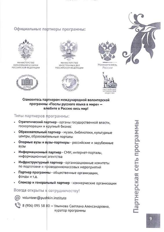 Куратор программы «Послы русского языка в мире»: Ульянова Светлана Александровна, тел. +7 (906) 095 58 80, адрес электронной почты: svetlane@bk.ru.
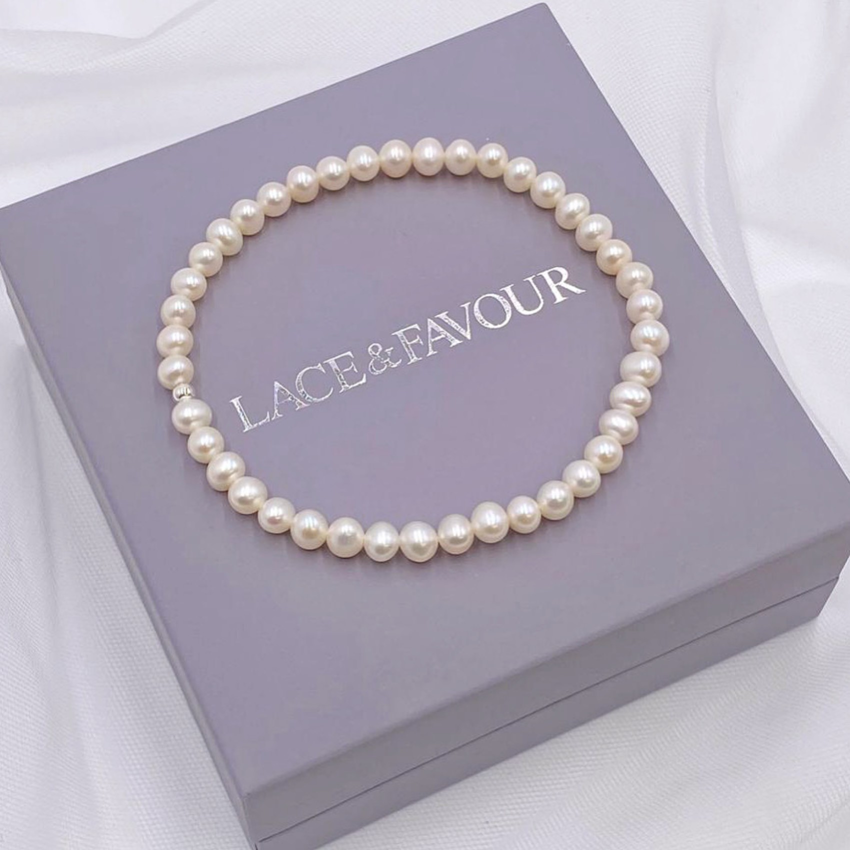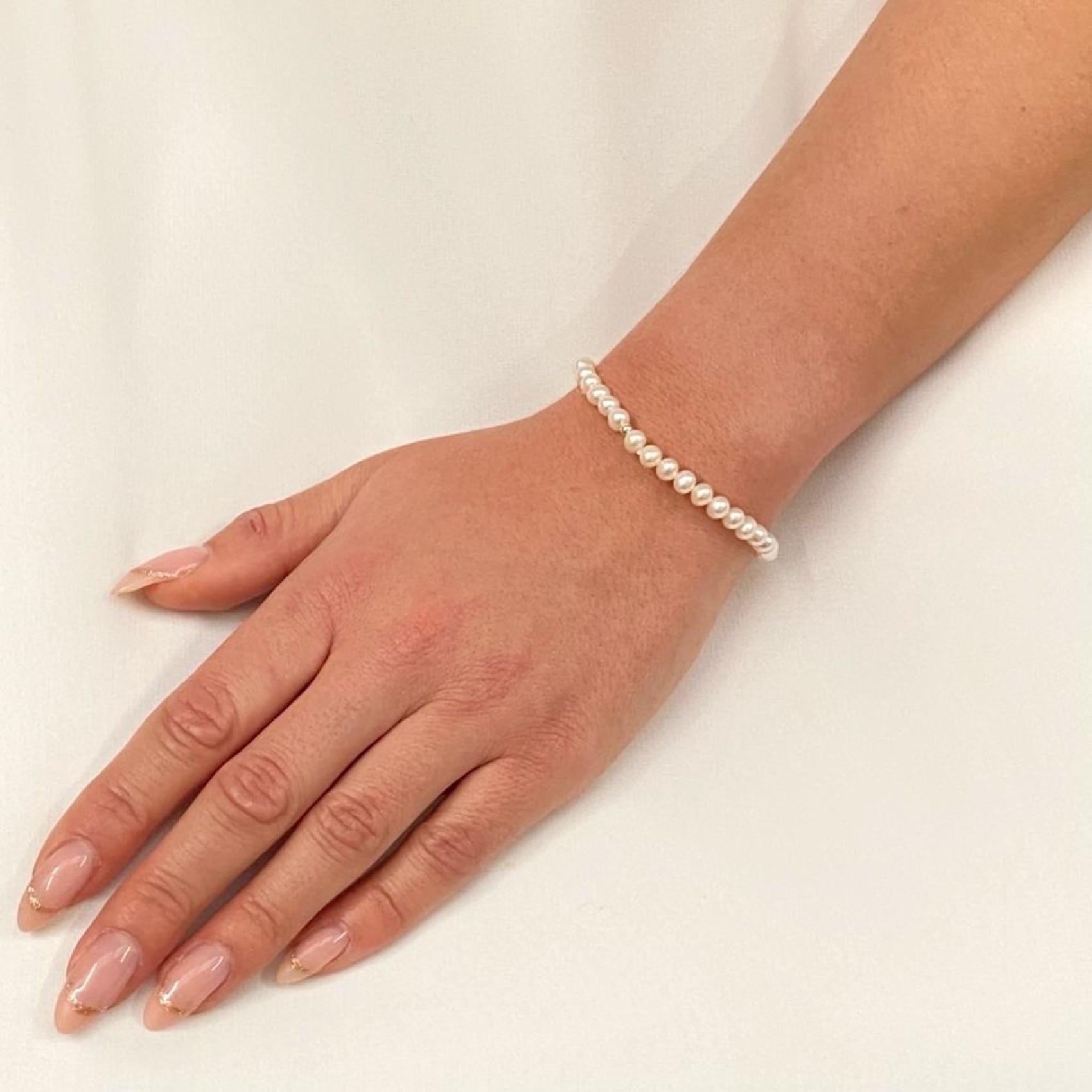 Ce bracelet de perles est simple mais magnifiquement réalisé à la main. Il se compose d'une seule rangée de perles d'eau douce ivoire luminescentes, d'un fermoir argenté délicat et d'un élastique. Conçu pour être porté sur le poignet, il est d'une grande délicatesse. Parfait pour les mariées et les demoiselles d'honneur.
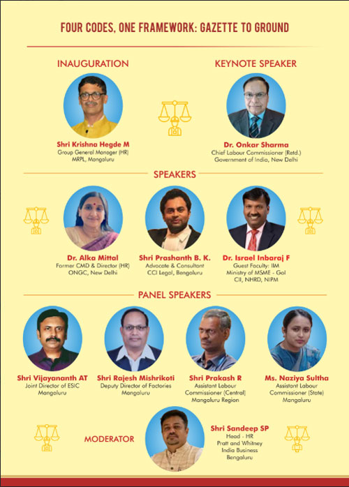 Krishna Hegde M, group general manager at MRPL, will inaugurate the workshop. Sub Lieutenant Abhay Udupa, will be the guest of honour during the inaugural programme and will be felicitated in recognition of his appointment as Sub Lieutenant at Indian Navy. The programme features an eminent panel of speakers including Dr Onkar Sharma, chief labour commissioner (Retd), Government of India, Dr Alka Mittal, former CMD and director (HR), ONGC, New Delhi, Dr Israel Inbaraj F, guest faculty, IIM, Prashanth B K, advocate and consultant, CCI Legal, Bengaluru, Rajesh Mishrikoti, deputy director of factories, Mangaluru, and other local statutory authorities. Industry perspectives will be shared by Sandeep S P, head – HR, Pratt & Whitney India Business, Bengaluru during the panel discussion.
--
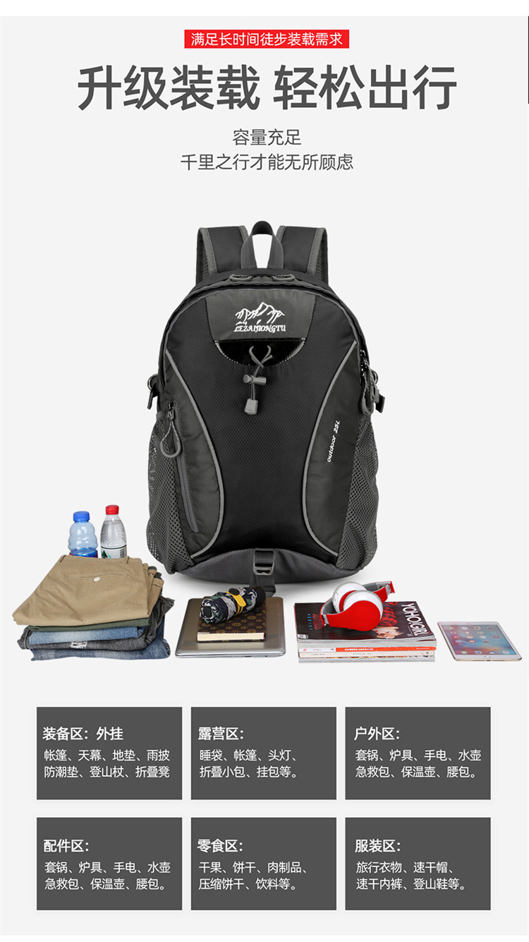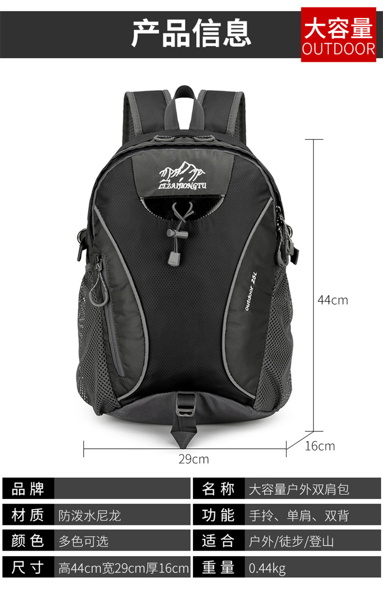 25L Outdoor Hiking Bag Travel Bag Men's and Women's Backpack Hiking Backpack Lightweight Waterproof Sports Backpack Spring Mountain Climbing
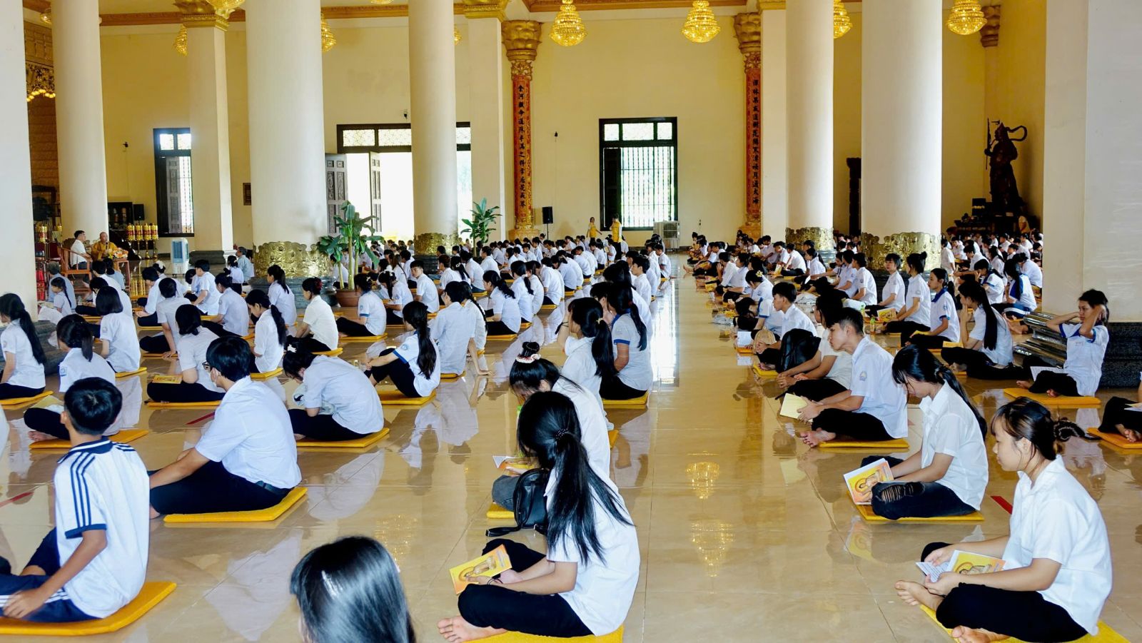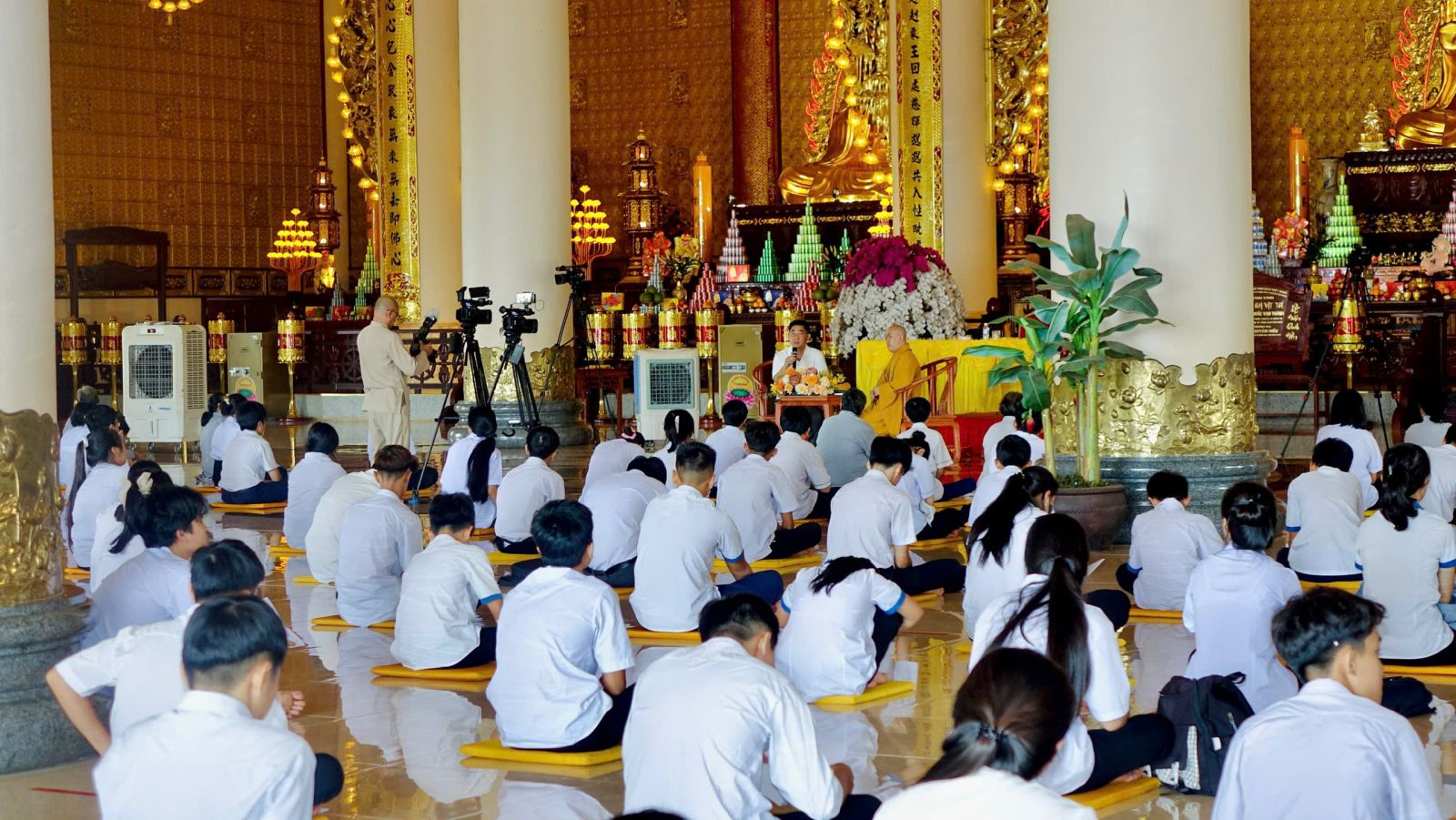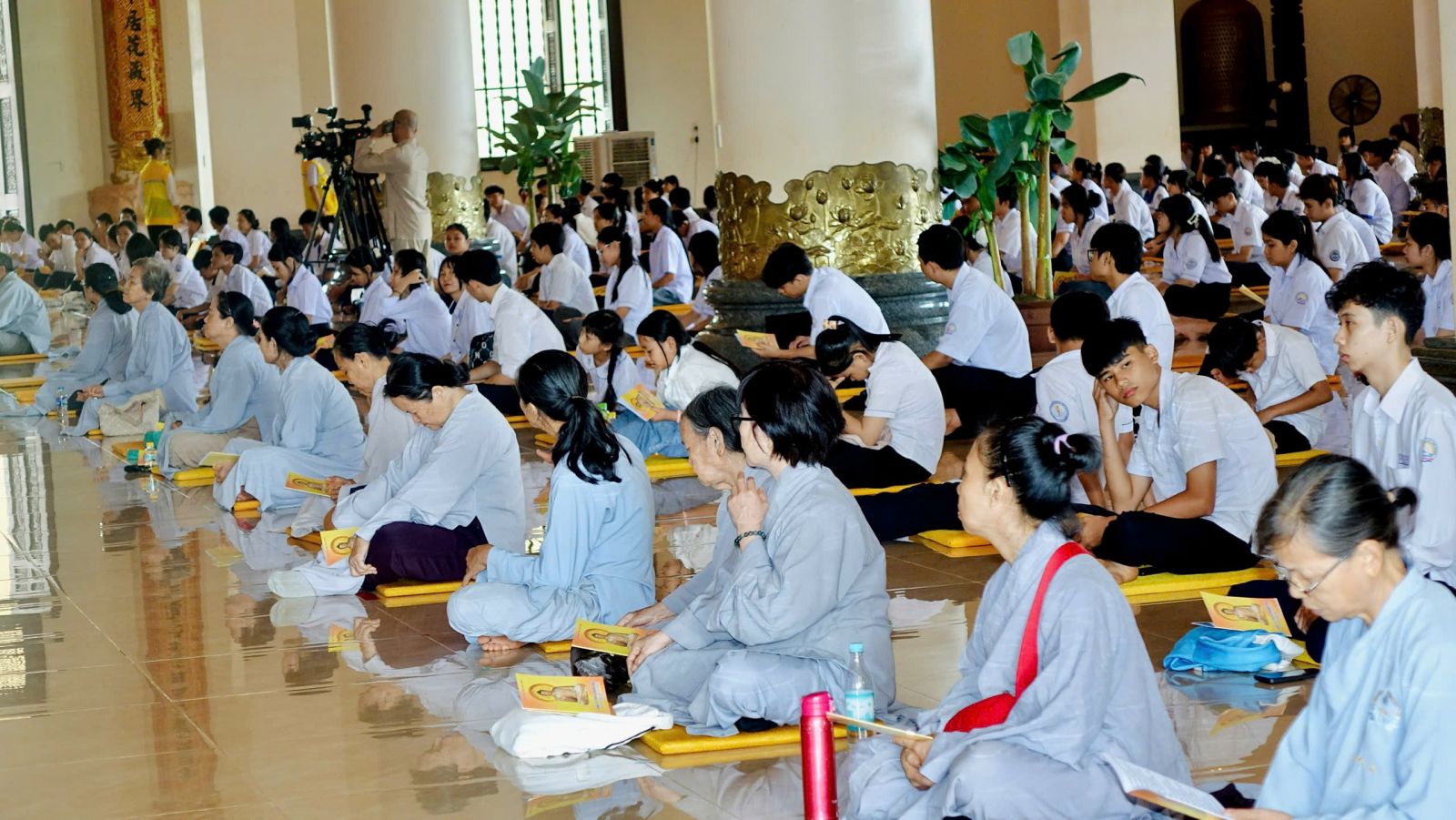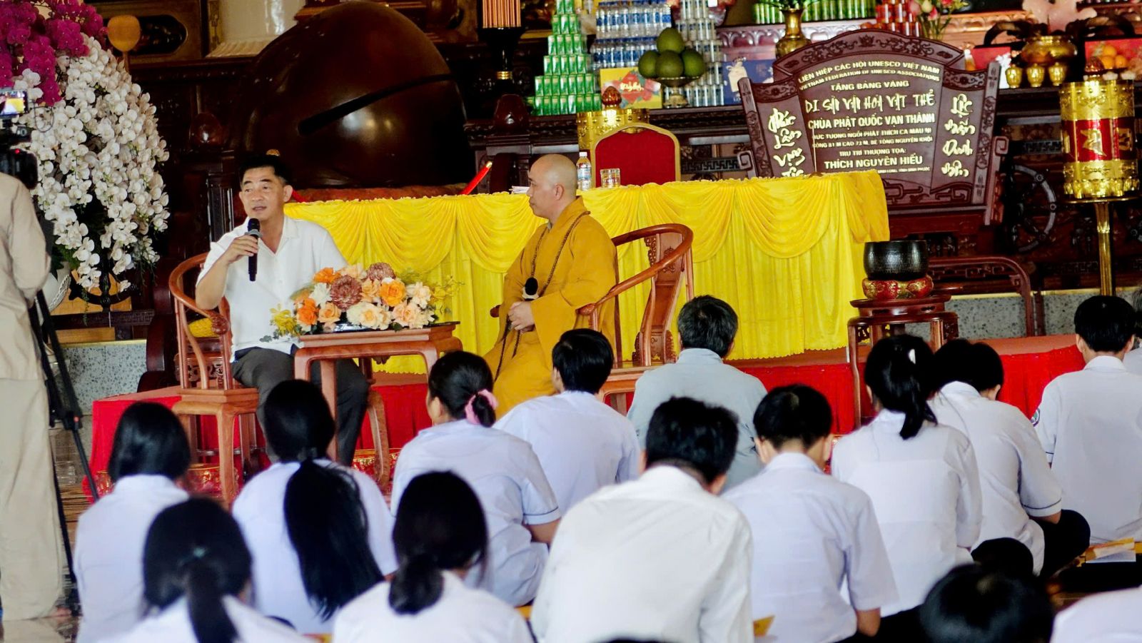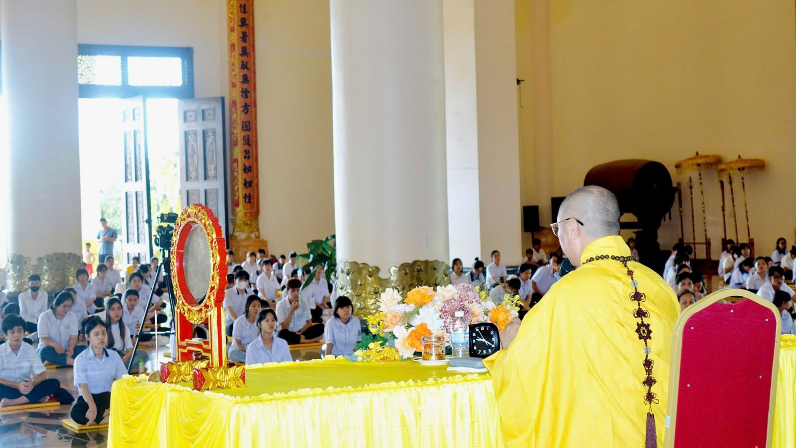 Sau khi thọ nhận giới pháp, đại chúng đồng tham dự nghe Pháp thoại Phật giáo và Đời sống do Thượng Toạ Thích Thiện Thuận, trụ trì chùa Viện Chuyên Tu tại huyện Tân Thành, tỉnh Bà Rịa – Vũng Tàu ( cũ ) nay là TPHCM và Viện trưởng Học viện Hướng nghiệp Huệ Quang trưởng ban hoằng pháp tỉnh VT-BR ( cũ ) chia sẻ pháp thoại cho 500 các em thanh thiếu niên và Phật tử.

### [Work order]
Starting at the line above that contains "электронной почты: svetlane@bk.ru.", transcribe every line exactly through the line that contains "Ce bracelet de", including that last one, and skip the pictures.

### [Output of the task]
 Куратор программы «Послы русского языка в мире»: Ульянова Светлана Александровна, тел. +7 (906) 095 58 80, адрес электронной почты: svetlane@bk.ru.
 Ce bracelet de perles est simple mais magnifiquement réalisé à la main. Il se compose d'une seule rangée de perles d'eau douce ivoire luminescentes, d'un fermoir argenté délicat et d'un élastique. Conçu pour être porté sur le poignet, il est d'une grande délicatesse. Parfait pour les mariées et les demoiselles d'honneur.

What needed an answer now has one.